The pocket-sized Digital Discovery

Knowing that this product was almost ready, I spent some time working on a simple, all-digital project that could highlight some of the Digital Discovery’s capabilities. Using the bread-board compatible, 48-pin CMOD A7 FPGA board, I modified a project sourced from the Digital Design textbook. The project simply counts from 0-9999 and then resets back to 0. The digits are all displayed on a 7-segment LED display.

A mostly digital, modulo 10k counter with an external analog driver circuit.

Since the CMOD A7 has no on-board 7-segment display like many of it’s older and bigger brothers, I needed to add the external analog driver circuit to the board. This made for some interesting coding artifacts, like both anode and cathode pins are driven to the same logic level because I have a BJT between the FPGA pin and the LED that inverts the logic level. But it worked like a charm.

Once I had the code and driver all working correctly, I needed to add the Digital Discovery to the mix. The Digital Discovery has 40 I/O pins, 24 of which are dedicated as high-speed inputs connected to the front 32-pin port. Two additional PMOD compatible ports are located on either side of the device and can be used for both input and output.

Three different headers allow for up to 40 digital circuit connections.

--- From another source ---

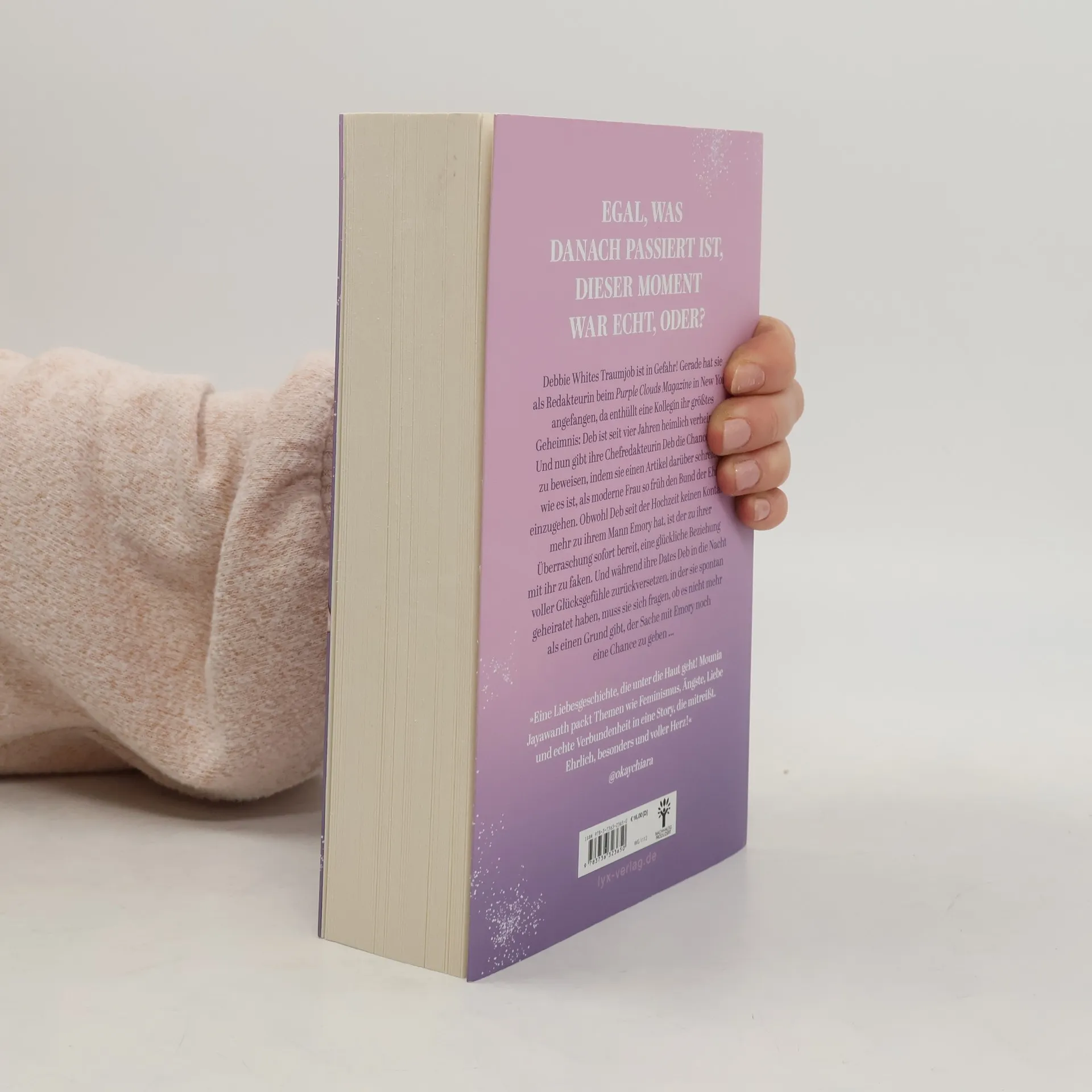 Große Gefühle in der Redaktion des PURPLE-CLOUDS-Magazins Debbie White hat eine Stelle in der Redaktion des angesagten Purple Clouds Magazin in New York ergattert. Aber schon in der ersten Woche wird ihr klar, dass sie sich dort beweisen muss, denn ihre Chefredakteurin hat von Debs größtem Geheimnis erfahren: Sie ist seit vier Jahren verheiratet. Und nun soll sie einen Artikel darüber schreiben, wie es ist, als moderne Frau so früh den Bund der Ehe einzugehen. Kein Problem - hätte Deb nicht seit der Hochzeit keinen Kontakt mehr zu ihrem Mann Emory. Doch wenn sie an die Nacht voller Glücksgefühle zurückdenkt, in der sie spontan geheiratet haben, fragt Deb sich, ob es nicht mehr als einen Grund gibt, der Sache mit Emory noch eine Chance zu geben ... Auftakt der neuen New-Adult-Trilogie von Mounia Jayawanth Dieses Buch gibt es in zwei Versionen: mit und ohne Motiv-Farbschnitt. Sobald die Farbschnitt-Ausgabe ausverkauft ist, liefern wir die Ausgabe ohne Farbschnitt aus.

I needed to monitor 11 pins total, 1 for each segment and 1 for each cathode, so I used the fly-wire harness on the 32-pin connector and connected pins 0-10 to the A7.

Connecting the Digital Discovery fly-wire harness to the CMOD A7 pins.

Once I had it all connected, it was just a simple matter of recording the data using the WaveForms software.

The recorded data from the A7.

Here’s the data zoomed in.

Zoomed data recorded from the A7 at about 6 Hz per count on the display.

The A7 is a great board for simple projects and was chosen specifically because it doesn’t have the on-board 7-segment LED display. But the system clock only goes up to 12 MHz. The Digital Discovery defaults to 200 million samples per second (MS/s), but is capable of up to 800 MS/s, which would be way beyond the reach of the A7 clock to try and max it out. The Nexys 4, however, has a 100 MHz system clock. That sounds promising, so let’s see what that looks like.

In order to use the 800 MS/s option, you have to use the High-Speed Adapter…

The High-Speed Adapter

…and the included High-Speed Probes.

16 High-Speed Probes are included with the HSA.

The probes connect to the HSA by connecting the black side to the GND rail and the red side to the input port.

HSPs connected to the HSA.

The signals were routed in code to PMOD connectors JA and JB, where the probes were also attached. The GND pins were tied together using a small bread-board power supply rail. The free ends of the probes come with heat-shrink tubing attached to give some strength to the connection, but it makes it difficult to place more than 3 wires next to each other on a standard bread-board with 100 mil spacing. Hence the need to get a little creative with the connections.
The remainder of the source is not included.